Horizontal sharding splits a single large table across multiple database instances by row. Each shard holds a subset of rows.

Horizontal Sharding:
users table → split by user_id range

Shard 0: user_id 0–24,999,999         (Shard DB 0)
Shard 1: user_id 25,000,000–49,999,999 (Shard DB 1)
Shard 2: user_id 50,000,000–74,999,999 (Shard DB 2)
Shard 3: user_id 75,000,000–99,999,999 (Shard DB 3)

Vertical sharding should always come first. It's operationally simpler, enables independent scaling per domain, and avoids distributed transactions within a service. Horizontal sharding is the next step when a single domain's write volume exceeds what one machine can handle.

Shard Key Selection Strategy

The shard key is the most consequential decision in your sharding design. Getting it wrong means data hotspots, expensive cross-shard joins, or re-sharding after launch.

Rule 1: High cardinality. The shard key must have enough distinct values to distribute data evenly. user_id (UUID or integer) works. country_code does not — if 40% of your users are in the US, one shard gets 40% of the load.

Rule 2: Even access distribution. The key should distribute both read and write load evenly. Timestamp-based keys (created_at) often create write hotspots — all new records hit the latest shard.
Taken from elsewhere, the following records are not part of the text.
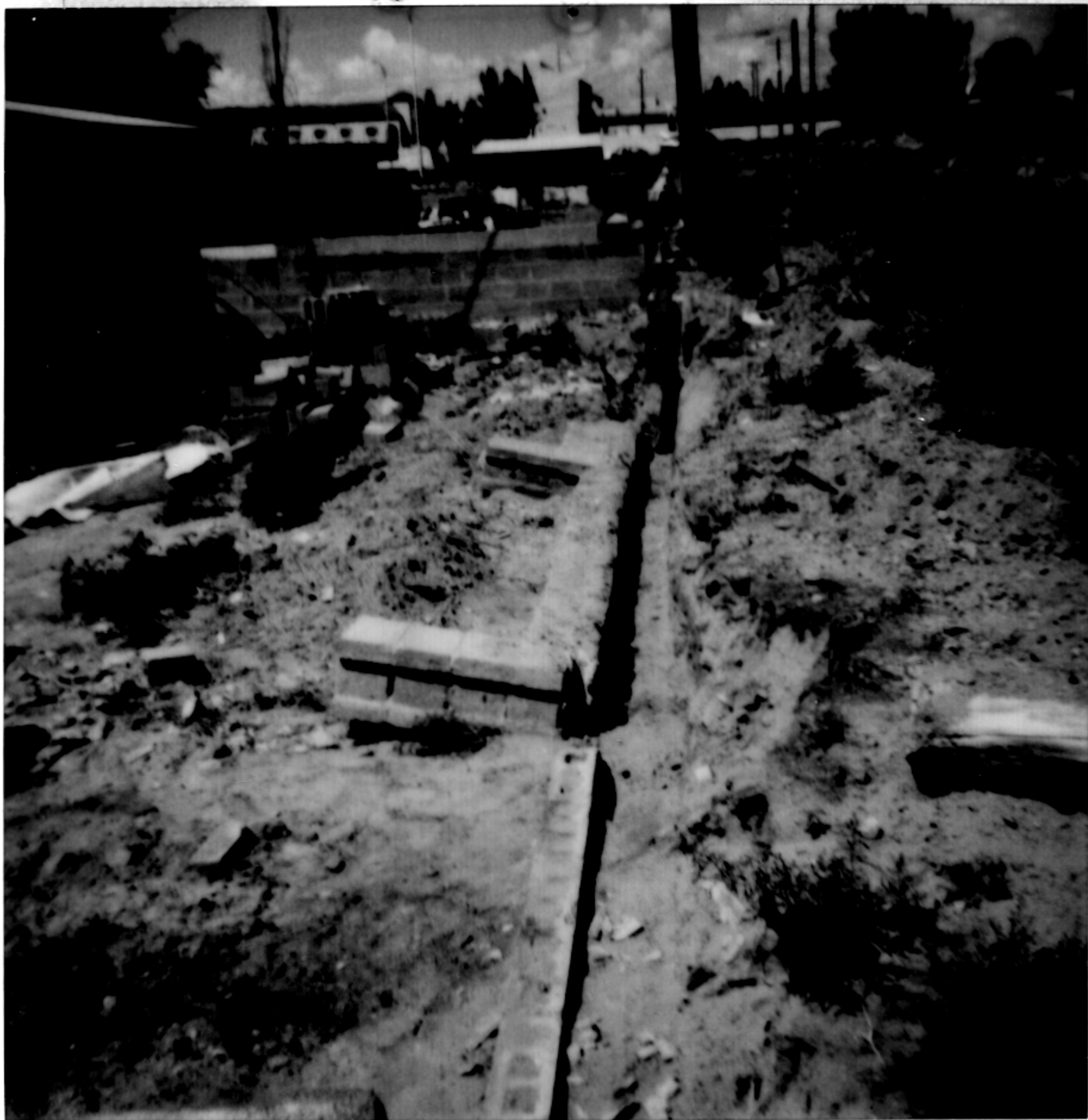
2508 Sycamore SE 8/22/94 looking from South to North on East P.L.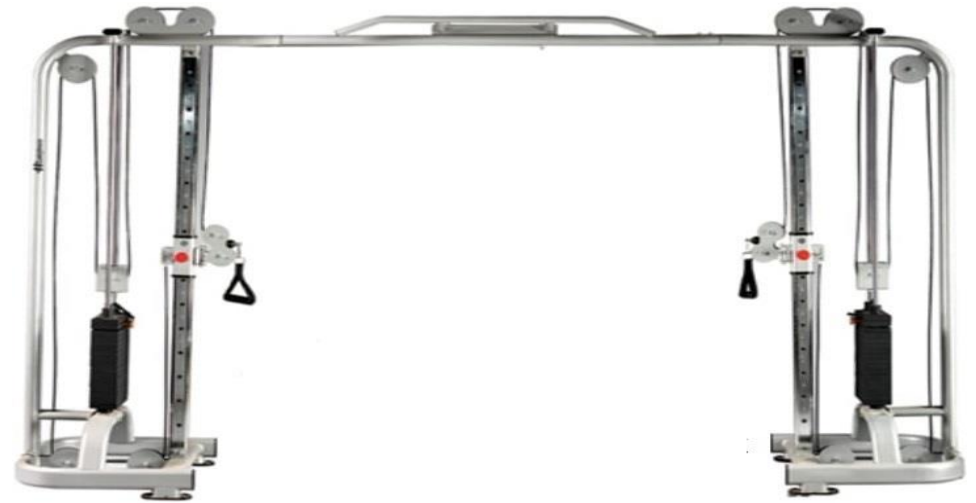
Ser No 5. Cable Cross Over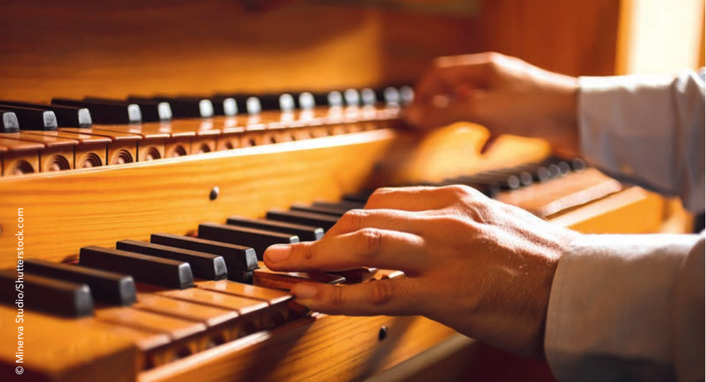
Organ concert in Strasbourg

Excursions listed in blue are not included in the cruise price. Please visit www.lueftner-cruises.com for further information on the diverse menu of unforgettable shore excursions. We reserve the right to make amendments to the timetable and program.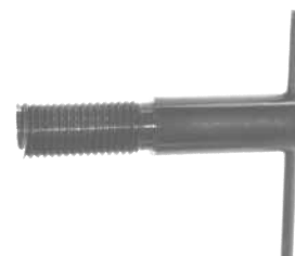
Type 3 - Installation Tool (Threaded Mandrel)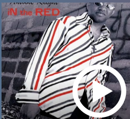
In the RED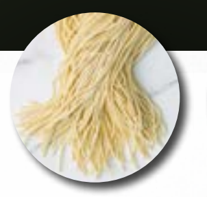
Spaghetti SPAP10 2mm Square Cut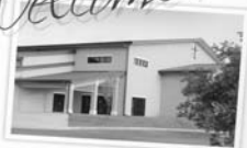
Broken Arrow CHURCH OF CHRIST

"We give our first time local guests one of these 9"x12" folders with color pages of information about the congregation here. If you see someone with one of these folders, please go out of your way to meet and welcome them very cordially."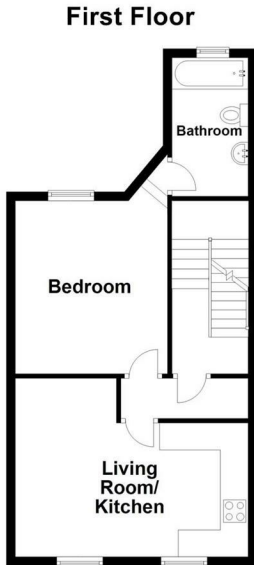
Not to scale. For illustrative purposes only

Flat 1 30 Hazelwood Road, Northampton, NN1 1LN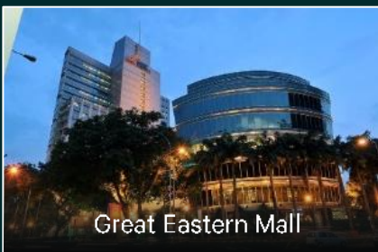
Great Eastern Mall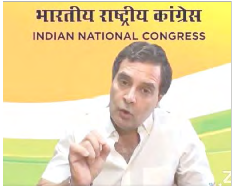
New Delhi, April 16, 2020: Brihostibarnü New Delhi nung Congress lenir, Rahul Gandhi-i video link ka ajanga COVID-19 dak sendakba nung osangbenertem den jembiba noksa nung angur. Rahul Gandhi-i linük tesem ajaklen coronavirus tashidak tendangtsüla, ta jembia liasü.

Indian Council of Medical Research-i, tanü tashi nung nisung 2,90,401 dak nungi samples agizüka coronavirus tashidak tendangogo aser iba nungji yashi samples 30,043 tendangba densema lir, ta metetdaksü.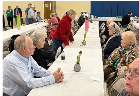
Our gang had time to socialize while waiting for the buffet.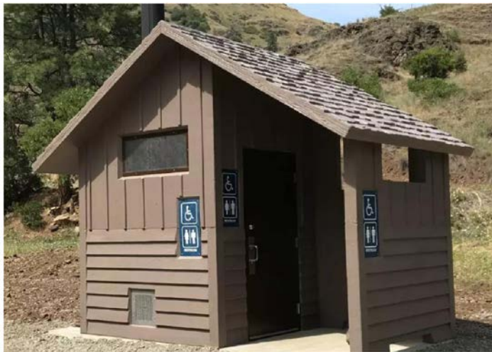
Shooting Range Vault Restroom

Rule 3: Co-locate related data. Queries that need to be fast should touch one shard. For a payment system, sharding payments by user_id means all of a user's payment history is on one shard, enabling efficient account statements without cross-shard queries.

Rule 4: Immutable. Changing the shard key value means moving the row to a different shard — an expensive operation. Use IDs that never change.

For a fintech platform at 100M users:

-- Schema design: payments table
CREATE TABLE payments (
    payment_id      UUID DEFAULT gen_random_uuid(),
    user_id         BIGINT NOT NULL,          -- Shard key
    merchant_id     BIGINT NOT NULL,
    amount          DECIMAL(19,4) NOT NULL,
    currency        CHAR(3) NOT NULL,
    status          VARCHAR(20) NOT NULL,
    idempotency_key VARCHAR(255) UNIQUE,
    created_at      TIMESTAMPTZ DEFAULT NOW(),
    updated_at      TIMESTAMPTZ DEFAULT NOW(),
    PRIMARY KEY (user_id, payment_id)         -- Shard key first in PK
);

-- Shard key determines physical location
-- All rows for user_id 12345678 are on Shard (12345678 % 64)

Consistent Hashing

Naive hash-based sharding uses shard_id = hash(user_id) % num_shards. The problem: adding a shard changes the modulus, requiring almost all data to move.

Consistent hashing solves this with a ring:

Consistent Hashing Ring (0 to 2^32):

              0 / 2^32
                  │
       ┌──────────┴──────────┐
  Shard 0               Shard 1
  (0 - 2^30)        (2^30 - 2^31)
                │
           Shard 2
        (2^31 - 3·2^30)
                │
           Shard 3
      (3·2^30 - 2^32)

Each shard owns a range on the ring. A user's shard is determined by where hash(user_id) lands. When you add a fourth shard, only the users whose hash falls between the new shard's range boundaries need to move — roughly 1/N of data, not all of it.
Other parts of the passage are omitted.